Мурзик, будто услышав своё имя в списке гостей на празднике, тут же встрепенулся, прыгнул на пол и ловко вскарабкался по штанине старика, потом по локтю и прямо на веник. Занял место, как царь на троне, обнюхал всё веточки, издал довольное стрекотание и, не стесняясь, начал грызть одно из зёрнышек. Он щурился от удовольствия и настоящего беличьего счастья.
— Ну вот, — пробормотал Никифор, с улыбкой глядя на своего питомца. — Оценил. Сразу видно — вещь нужная.
Он поднял глаза на меня, и в этом взгляде появились благодарность, довольство, и, как ни странно, лёгкая растерянность.
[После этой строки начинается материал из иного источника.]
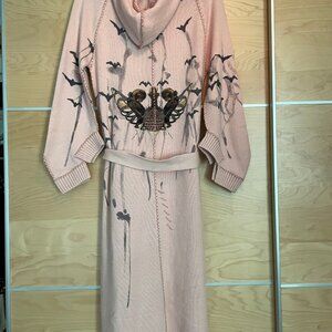 skeletal floral motif. The hoodie part has birds flying and it ties with a cashmere tie.
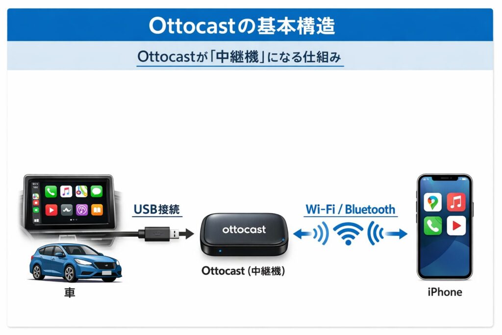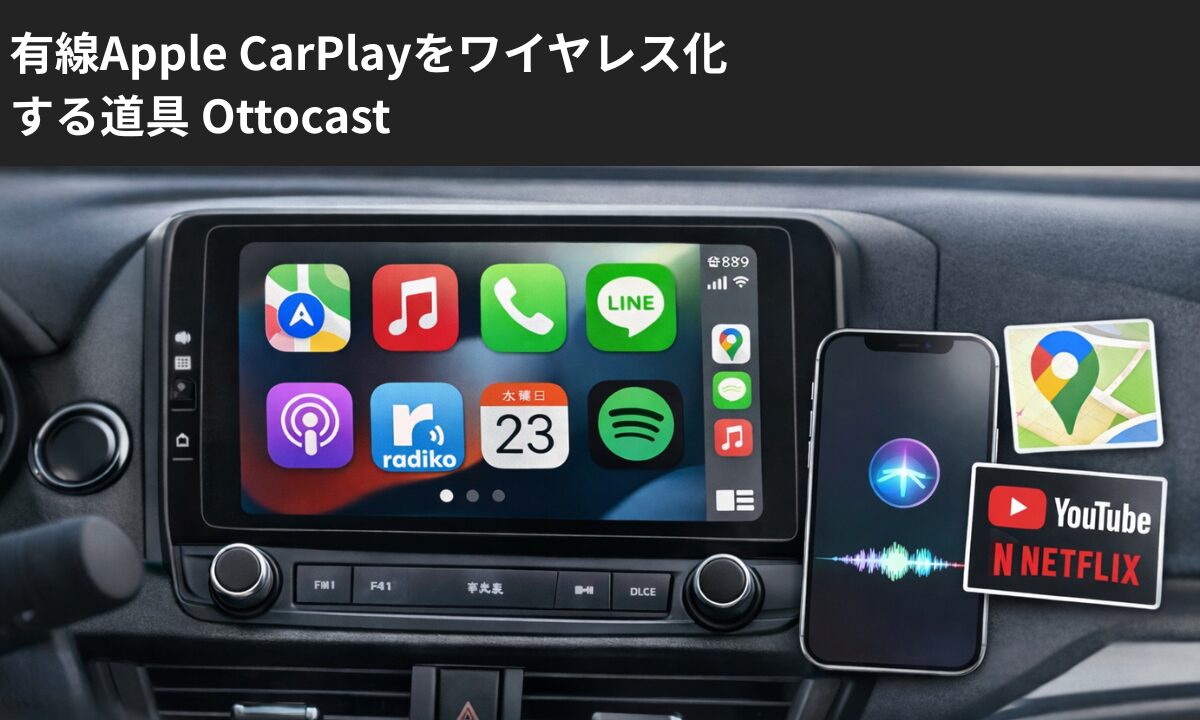 Ottocast(オットキャスト)は、車の純正CarPlayのワイヤレス化やAndroidアプリ、動画再生などを可能にする後付けデバイスです。特に「有線式CarPlayしか対応していない車」をワイヤレス化+機能拡張できる点が最大の特長です。
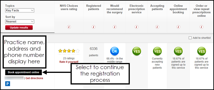 - A list of surgeries in your area displays. Find the surgery you are registered with and select Book appointment online:
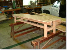 下の縁台と一緒に使っていただこうと作りました。テーブルにもなるし、ベンチにもなります。
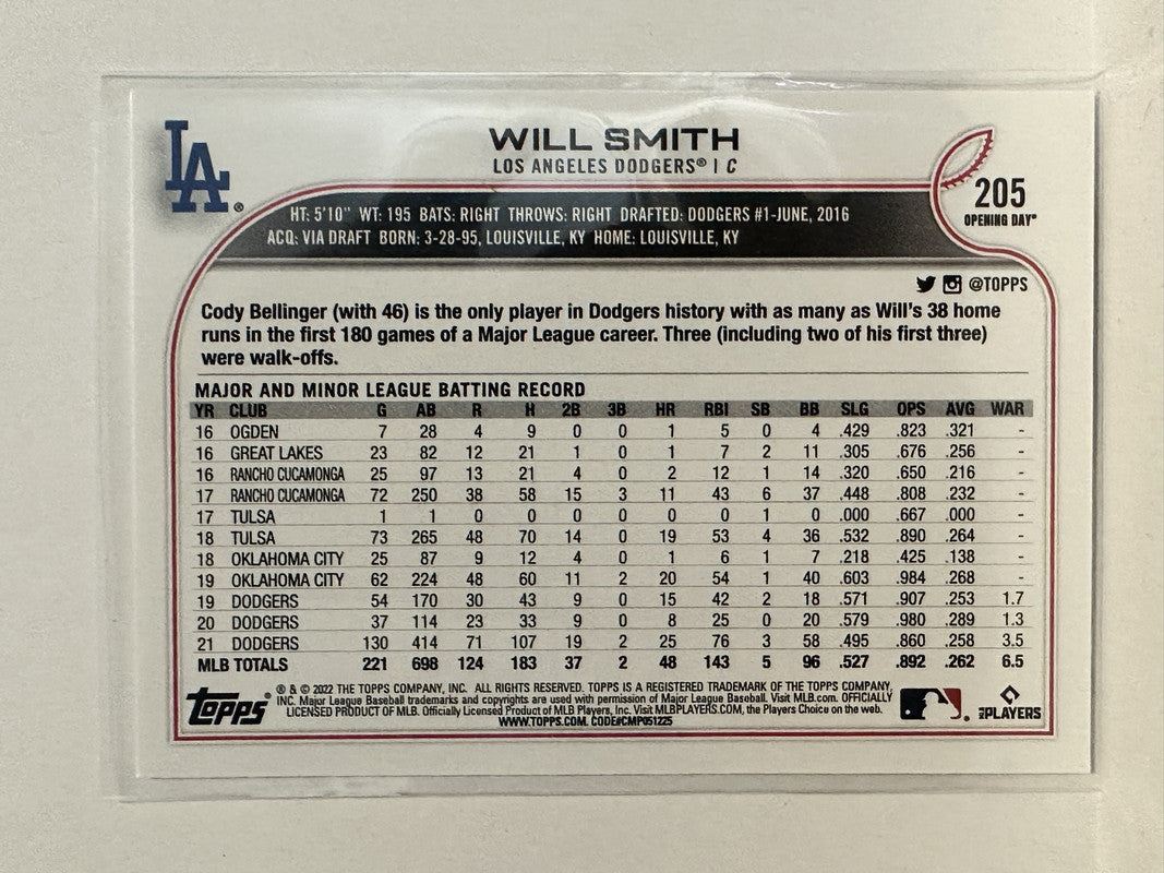 #205 Will Smith Los Angeles Dodgers 2022 Topps Opening Day Baseball Card

— Спасибо вам, княже, — сказал он чуть тише, чем обычно. — Не каждый день нас, стариков, вот так с почётом… Да ещё и по делу.
Я только улыбнулся в ответ, но он вдруг слегка поёрзал на скамье, будто что-то вспомнил и добавил, откашлявшись:
— А вы, коль не против… скоро ужин будет. Почти всё готово. Сейчас похлебка дойдет. Сегодня с грибами, домашняя. Нехитрая, но сытная.
— Против? — я усмехнулся. — Я уже весь день мечтаю не о заседаниях, а о вашей стряпне.
Домовой одобрительно кивнул, а Мурзик довольно щёлкнул зубами и тронул лапкой ещё одно зёрнышко. Видимо, вечер всё-таки удался даже у него.
Признаться, такое поведение домового выбило меня из состояния равновесия.
— Сейчас мне нужно кое-что доделать. Как раз вернусь к похлебке.
Домовой кивнул, всем своим видом давая понять, что все понимает.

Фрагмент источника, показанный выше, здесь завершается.